CMD exec gunicorn --bind 0.0.0.0:$PORT --workers 1 --threads 8 app:app

I then build and run them using Cloud Build and Cloud Run:

PROJECT_ID=$(gcloud config get-value project)
DOCKER_IMG="gcr.io/$PROJECT_ID/helloworld-python"
gcloud builds submit --tag $DOCKER_IMG
gcloud run deploy --image $DOCKER_IMG --platform managed

The code appears to run fine, and I am able to access the app on the given URL. However the logs seem to indicate a critical error, and the workers keep restarting.

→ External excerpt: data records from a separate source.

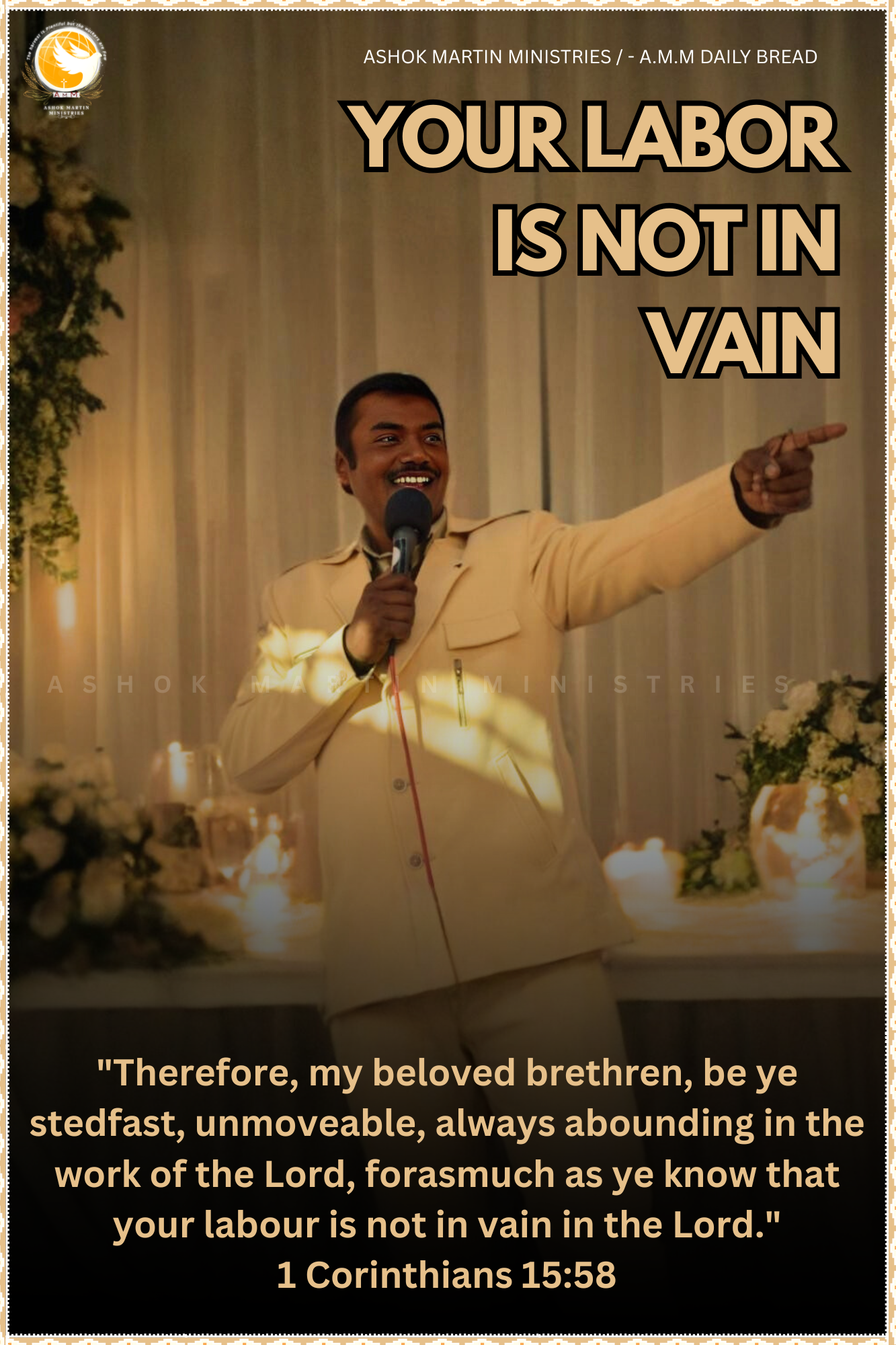`”Therefore, my beloved brethren, be ye stedfast, unmoveable, always abounding in the work of the Lord, forasmuch as ye know that your labour is not in vain in the Lord.”1 Corinthians 15:58`
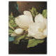 Giant Magnolias auf einem blauen Velvet Tuch (c. 1890) von Martin Johnson Heade ist ein Vintages Kunstwerk Viktorianisch Era Blütenleben Gemälde. Eine große blühende, weiße magnolische Blume blüht in voller Blüte auf einem Baumzweig mit Blätter aus dem Garten. Über den Künstler: Martin Johnson Heade (1819-1904) war während der Viktorianischen Ära ein fruchtbarer amerikanischer Maler, bekannt für seine Salzmarschlandschaften, Seegras, tropische Vögel, Lotusblüten und andere Stillleben. Sein Malstil entstand aus der Romantik der damaligen Zeit. Eine tiefe Ehrfurcht vor der Natur zog ihn zur Luministischen Malschule an. Der Luminismus wird in seiner Sorge um den Effekt des Lichts nun als Vorläufer des Impressionismus gesehen.
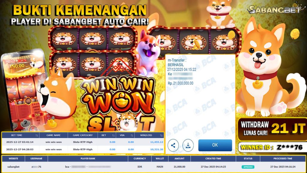 BUKTI KEMENANGAN 27 DESEMBER 2025 DI GAME WIN WIN WON WD 21 JUTA
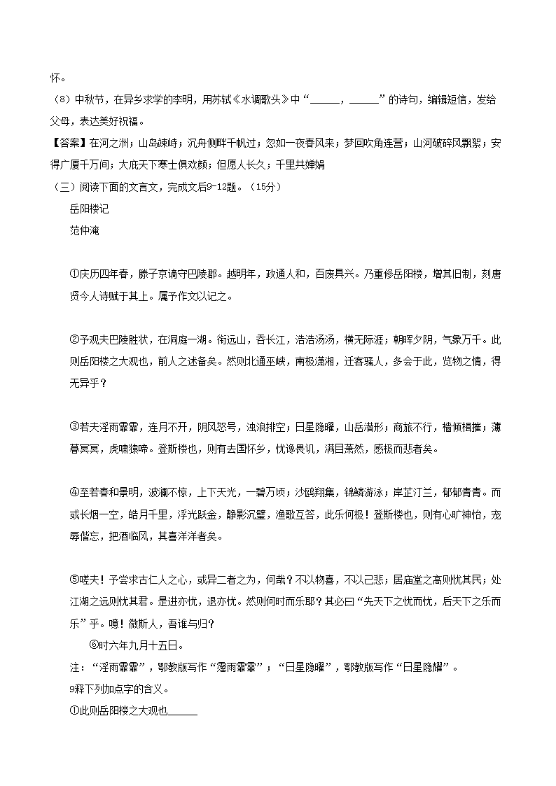 【文档名称】 2018年重庆南川中考语文真题及答案B卷(Word版).doc
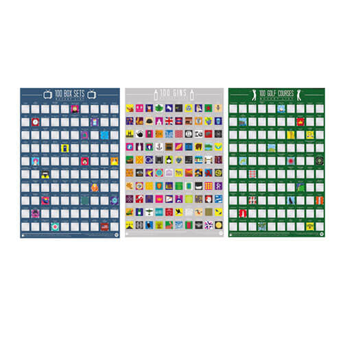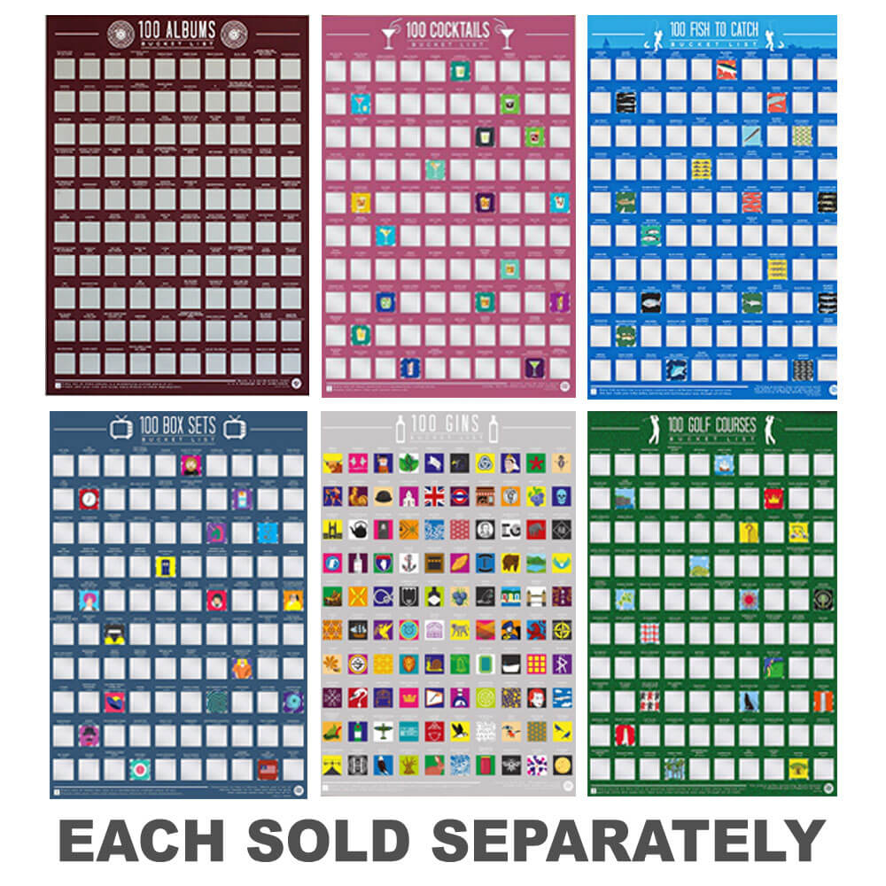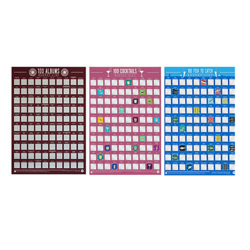 Onze kras van bucketlist -posters met verschillende thema's compileert 100 van ... alles! Met deze prachtige posters kunt u krassen terwijl u verder gaat om te onthullen wat zich verstopt onder de volgende doos.
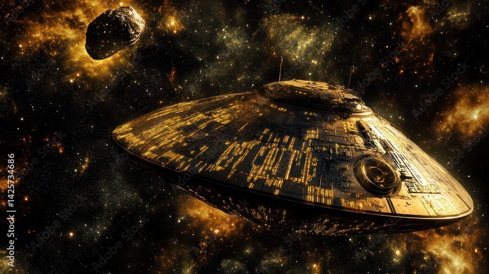 Wall mural a futuristic spacecraft floats in deep space with a celestial background - Wall murals Wall mural a futuristic spacecraft floats in deep space with a celestial background - Wall murals
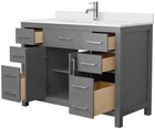 Love this vanity! The sleek dark gray finish and Carrara marble top look so elegant in my bathroom. The soft-close drawers are super smooth, and the double-depth lower drawer holds all my essentials. The brushed metal hardware adds a nice modern touch, and the whole unit feels solid and well-built. Perfect mix of style and function—definitely worth it!
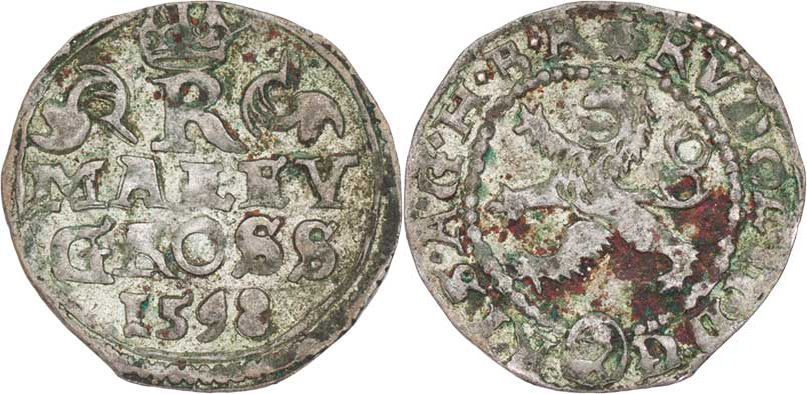 Malý groš 1598, K.Hora-Dominik, HN.8 (opis 7a), nápis " MALEY / GROSS / 1598 ", 1.038g, nep.nedor., skvrny, patina, téměř

Here is the log file from Cloud Run after starting up the app and making a few requests in my web browser:

2020-03-05T03:37:39.392Z Cloud Run CreateService helloworld-python ...
2020-03-05T03:38:03.285477Z[2020-03-05 03:38:03 +0000] [1] [INFO] Starting gunicorn 20.0.4
2020-03-05T03:38:03.287294Z[2020-03-05 03:38:03 +0000] [1] [INFO] Listening at: http://0.0.0.0:8080 (1)
2020-03-05T03:38:03.287362Z[2020-03-05 03:38:03 +0000] [1] [INFO] Using worker: threads
2020-03-05T03:38:03.318392Z[2020-03-05 03:38:03 +0000] [4] [INFO] Booting worker with pid: 4
2020-03-05T03:38:15.057898Z[2020-03-05 03:38:15 +0000] [1] [INFO] Starting gunicorn 20.0.4
2020-03-05T03:38:15.059571Z[2020-03-05 03:38:15 +0000] [1] [INFO] Listening at: http://0.0.0.0:8080 (1)
2020-03-05T03:38:15.059609Z[2020-03-05 03:38:15 +0000] [1] [INFO] Using worker: threads
2020-03-05T03:38:15.099443Z[2020-03-05 03:38:15 +0000] [4] [INFO] Booting worker with pid: 4
2020-03-05T03:38:16.320286ZGET200 297 B 2.9 s Safari 13  https://helloworld-python-xhd7w5igiq-ue.a.run.app/
2020-03-05T03:38:16.489044ZGET404 508 B 6 ms Safari 13  https://helloworld-python-xhd7w5igiq-ue.a.run.app/favicon.ico
2020-03-05T03:38:21.575528ZGET200 288 B 6 ms Safari 13  https://helloworld-python-xhd7w5igiq-ue.a.run.app/
2020-03-05T03:38:27.000761ZGET200 285 B 5 ms Safari 13  https://helloworld-python-xhd7w5igiq-ue.a.run.app/?who=me
2020-03-05T03:38:27.347258ZGET404 508 B 13 ms Safari 13  https://helloworld-python-xhd7w5igiq-ue.a.run.app/favicon.ico
2020-03-05T03:38:34.802266Z[2020-03-05 03:38:34 +0000] [1] [CRITICAL] WORKER TIMEOUT (pid:4)
2020-03-05T03:38:35.302340Z[2020-03-05 03:38:35 +0000] [4] [INFO] Worker exiting (pid: 4)
2020-03-05T03:38:48.803505Z[2020-03-05 03:38:48 +0000] [5] [INFO] Booting worker with pid: 5
2020-03-05T03:39:10.202062Z[2020-03-05 03:39:09 +0000] [1] [CRITICAL] WORKER TIMEOUT (pid:5)
2020-03-05T03:39:10.702339Z[2020-03-05 03:39:10 +0000] [5] [INFO] Worker exiting (pid: 5)
2020-03-05T03:39:18.801194Z[2020-03-05 03:39:18 +0000] [6] [INFO] Booting worker with pid: 6

Note the worker timeouts and reboots at the end of the logs. The fact that its a CRITICAL error makes me think it shouldn’t be happing. Is this expected behavior? Is this a side effect of the Cloud Run machinery starting and stopping my service as requests come and go?

Asked By: jminardi

||

Source

Answer 1

Here’s a working example of a Flask app on Cloud run. My guess is that your last line or the Decker file and the last part of your python file are the ones causing this behavior.

main.py

# main.py
#gcloud beta run services replace service.yaml


from flask import Flask

app = Flask(__name__)

@app.route("/")
def hello_world():

        msg = "Hello World"
    return msg

Dockerfile (the apt-get part is not needed)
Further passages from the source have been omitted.